#### Exercise goal
Repeat precisely the span of lines below that opens with the line containing "- 1 DC enchufe" and closes with the line containing "参加bat365官网征集志愿", both included.

#### Data extracts

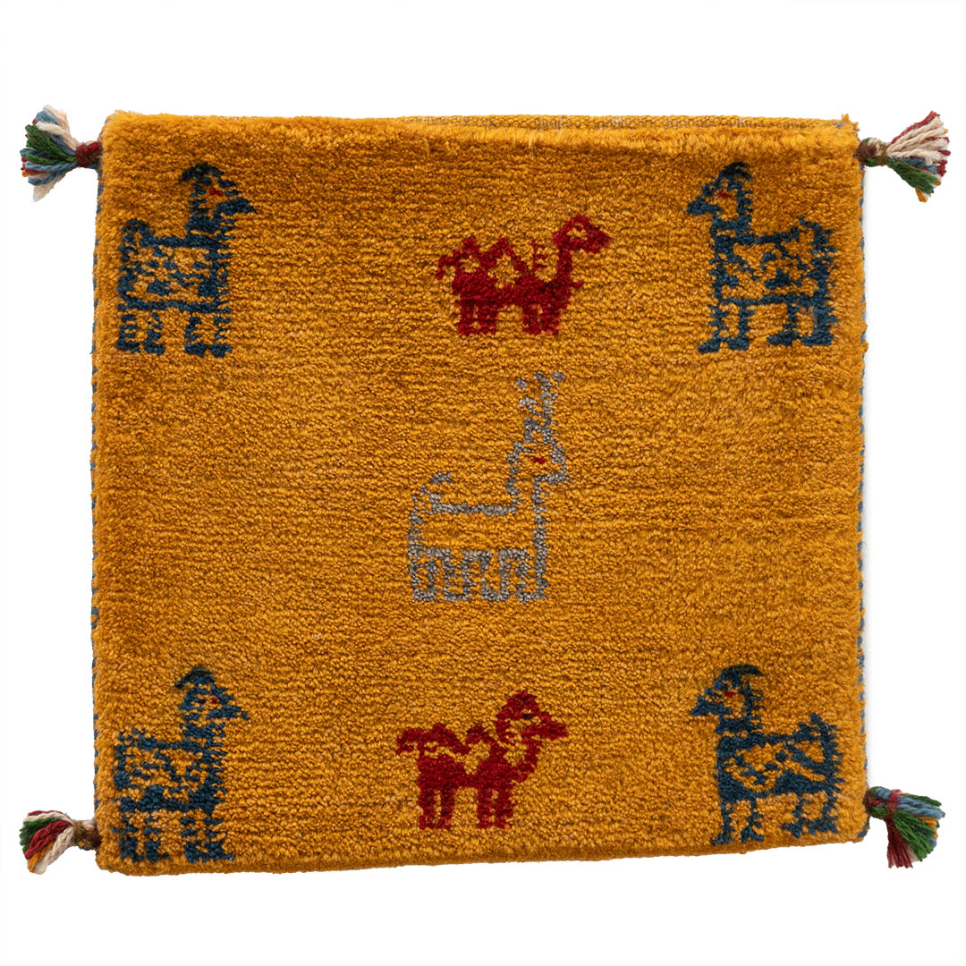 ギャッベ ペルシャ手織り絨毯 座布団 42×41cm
--
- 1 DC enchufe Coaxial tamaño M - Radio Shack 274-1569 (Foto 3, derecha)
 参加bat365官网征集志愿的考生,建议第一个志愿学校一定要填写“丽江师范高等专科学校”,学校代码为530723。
...
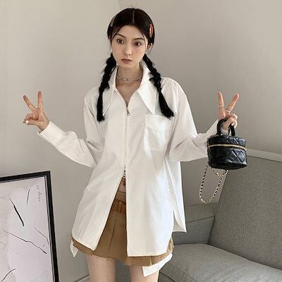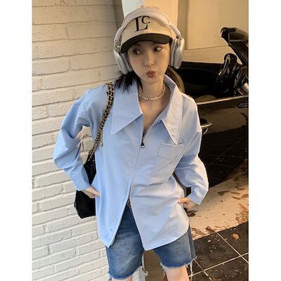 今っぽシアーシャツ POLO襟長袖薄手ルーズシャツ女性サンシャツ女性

#### Result
- 1 DC enchufe Coaxial tamaño M - Radio Shack 274-1569 (Foto 3, derecha)
 参加bat365官网征集志愿的考生,建议第一个志愿学校一定要填写“丽江师范高等专科学校”,学校代码为530723。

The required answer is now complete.